Sickle cell anemia – a dreadful disease

Sickle cell anemia

Sickle cell anemia (SCA) is a severe hereditary form of anemia in which a mutated form of hemoglobin distorts the red blood cells into a crescent shape at low oxygen levels. It is a condition in which there isn’t enough healthy red blood cells to carry adequate oxygen throughout your body.  It’s hereditary meaning that it has to come from the parents of an infant, but in case a person receives a gene for sickle-cell disease from one parent and a normal gene from the other parent, the person will have a condition known as “sickle cell trait”. Sickle cell trait produces no symptoms or problems for most people.

HOW TO DETECT

It can be detected through a blood test which can check for hemoglobin S (the defective form of hemoglobin that underlines sickle-cell anemia). If the screening result is negative, there is no sickle-cell gene but if it is positive, further test will be done to determine whether one or two sickle-cell genes are present.

Sickle cell disease can also be diagnosed in an unborn baby by sampling some of the fluid surrounding the baby in the mother’s womb (amniotic fluid) to look for the sickle-cell gene. If you and your partner have been diagnosed with the sickle-cell anemia or the sickle-cell trait, it is better to end the relationship or consult a genetic counselor who can help you understand the risk to your baby.

From the diagram above, we notice that normal blood cells are round in shape but that of sickle-cell are like sickle shape. Normally, the red blood cells are flexible, moving easily along the blood vessels. In sickle-cell anemia the red blood cells become rigid and sticky. These irregularity causes difficulty of movement of blood cells along the vessels which can block blood flow and oxygen to parts of the body.

Why it is common with the Africa region?

This disease was believed to have come about as a result of resistance to the treatment of malaria and Africa was one the regions prone to this malaria.

Sickle cell disease (SCA) is thought to be common among inhabitants of the sub-Saharan Africa, affecting 3%of birth & high rate of mortality in some parts of continent, but there is no data backing it up.

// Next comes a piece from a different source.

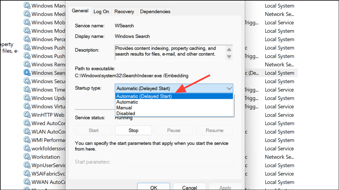 Step 2: In the list, find Windows Search, double-click it, and set Startup type to Automatic (Delayed Start). If the service is not running, click Start to activate it. This ensures the search indexer is always available for Outlook.

But there are also some undocumented reasons for the widespread of this epidemic disease especially In Nigeria namely:

  • Marriage of persons carrying the sickle-cell trait
  • Sheer ignorance exercised by persons with knowledge of the disease partly due to their beliefs
  • Inadequate sensitization about the dangers of the disease
  • High level of illiteracy
  • Most parents do not know their infants are carriers of the sickle-cell disease until about the age of 5-6 months

Symptoms

These symptoms vary from person to person and may change overtime, they include

  • Pains: Periodic episodes of pain called crisis, is a major symptom of SCA. Pains develop when sickle-shaped blood cells block blood flow through the tiny blood vessels. The pain varies in intensity and can last for a few hours to a few weeks, can range from a few to a dozen or more crisis a year. Some crisis may be chronic which can lead to joint and bone damage, ulcers etc.
  • Anemia: It is a condition where your body can’t get enough oxygen to feel energized which leads to fatigue. Normal red blood cells live for about 120 days before the need to be replaced but the sickle cells usually die in 10 – 20 days causing a shortage of red blood cells.
  • Painful swelling of hands and feet: This is caused by sickle-shaped red blood cells blocking blood flow to the hands and feet.
  • Delayed growth: A shortage of healthy red blood cells can slow growth in infants and children and delay puberty in teenagers.
  • Frequent infections: Sickle cell disease can damage an organ (SPLEEN) that helps fight infections in the body, leaving you more vulnerable to infections.
  • Vision problem: Tiny blood vessels that supply your eyes may become plugged with sickle cells. This can damage the retina (the part of the eye that processes visual image), leading to visual problems such as blindness.
  • Others include Stroke, pulmonary hypertension.

Treatment

For now the only known cure is the Bone marrow transplant (stem transplant) which is usually for people younger than 16, because the risk increases for people older than 16 and getting a donor is difficult. And another is making frequent visits to the doctor for check-up.

Medications

These include:

  • Pain relievers
  • Antibiotics (children begin taking antibiotic penicillin at 2 months until they are at least 5 years old. Doing so helps prevent infections such as pneumonia, which can life threatening to an infant with SCA.
  • Water : To keep you hydrated all day
  • Hydroxyurea (Droxia,Hydrea): when taken daily, it reduces the frequency of painful crisis and might reduce the need for blood transfusions and hospitalizations. Hydroxyurea seems to work by stimulating production of fetal hemoglobin (a type of hemoglobin found in newborns that prevents the formation of sickle cells.

                                           Way forward

  • Discourage union of persons with sickle-cell trait
  • More education and sensitization of the public about the dangers of SCA
  • Conduct more research at finding more treatment for the disease.